San Massimiliano Maria Kolbe

B225-A2

Domenica 10 ottorbe 1982 il Papa Giov. Paolo II ha canonizzato il sacerdote francescano polacco Padre Massimiliano Maria Kolbe.

La figura di questo nuovo santo è così caratteristica, il suo eroismo di carità così bello e limpido, da colpire in modo particolare l'attenzione del pubblico.

Quello che lo mise in luce solare fu la morte.

Prigioniero di guerra nel lager tedesco di Auschwitz, tra persone per lo più in preda alla disperazione, egli non perse mai la sua serenità e si sforzava di confortare i suoi compagni con parole di fede.

Tutti sanno quanto fosse crudele e disumano il trattamento dei prigionieri nei campi di concentramento tedeschi.

Un giorno, dal campo di Auschwitz, un prigioniero riuscì a evadere e non fu più rintracciato.

Per ritorsione, il comandante del campo, secondo la bestiale logica dei nazisti, decise di mettere a morte uno dei restanti prigionieri, scelto a caso.

La sorte cadde su di un poveretto, che all'udire il proprio nome si mise a singhiozzare gridando: « oh la mia moglie, oh i miei figli! ».

Allora il P. Kolbe alzò la mano e chiese la parola: « Sono un prete cattolico. Domando di esser messo a morte in vece di quell'uomo ».

Stupore generale.
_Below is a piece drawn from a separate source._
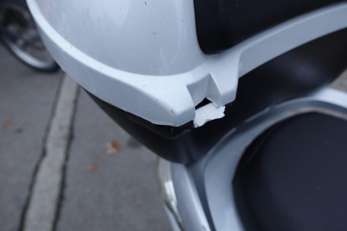 Auspufftopf, Aussenspiegel rechts, Front, Griff rechts, Lenker, Topcase, Verschalungen rechts, Verschalungen vorne
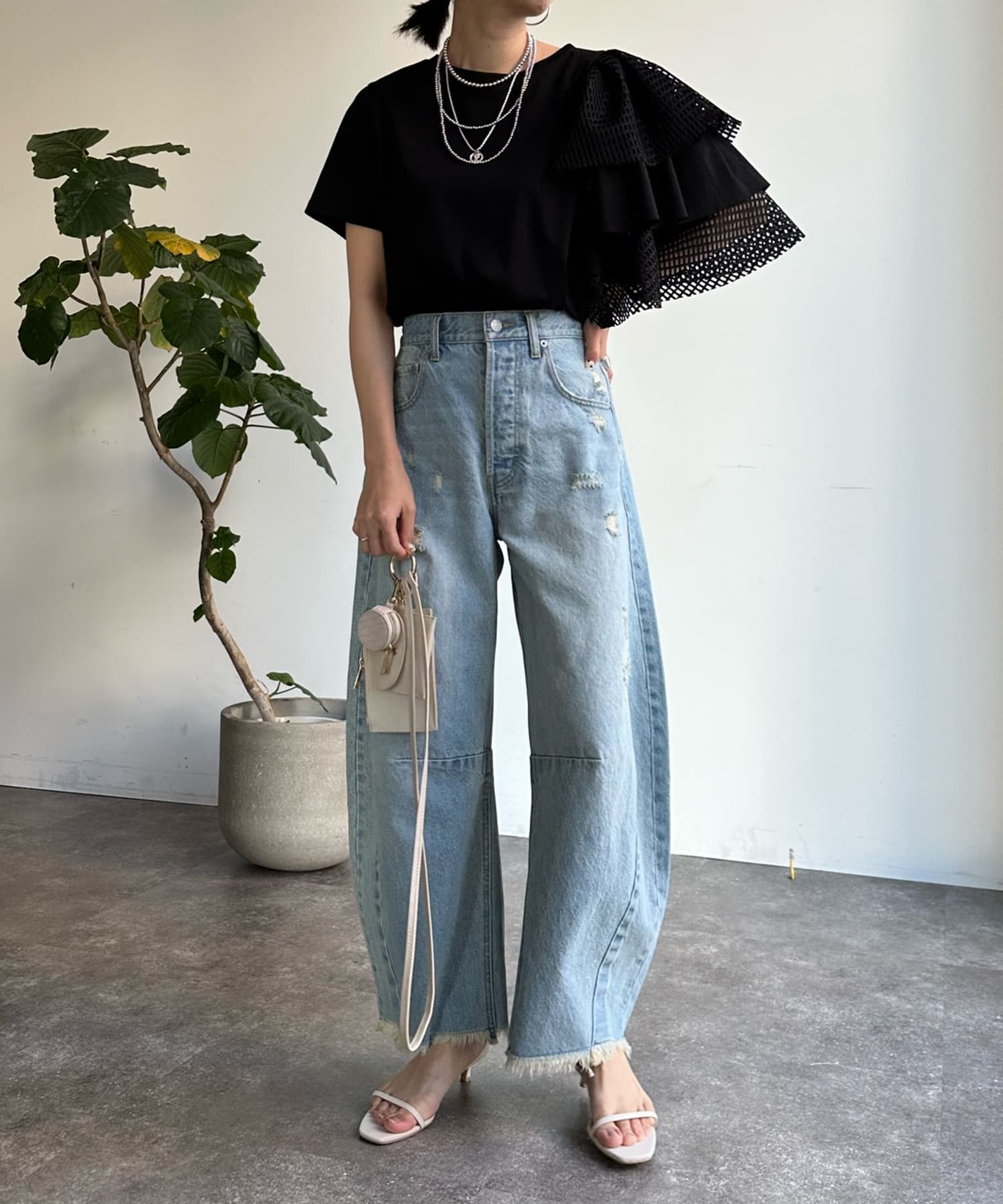 DOUDOU(ドゥドゥ) 【WEB限定】メッシュアシメフリルトップス

Ma la domanda venne accolta.

Il genere di morte stabilito non era la fucilazione, ma la morte per fame e sete, in un sudicio bunker, ammassato fra altri condannati.

Neanche là il Padre perse la sua serenità, anzi divenne l'angelo consolatore e il ministro di Dio in quell'anticamera di morte.

Dopo molti giorni egli era ancora vivo e venne ucciso con un'iniezione di acido fenico: lunga e terribile agonia, che non riuscì minimamente a piegarlo.

Ma questa forza, frutto della grazia divina, era stata preparata da una vita di totale dedizione a Dio, e di multiforme, intelligente apostolato.

Le circostanze della morte gli meritarono anche la palma di « martire » e con questo titolo sarà onorato per sempre nella Chiesa.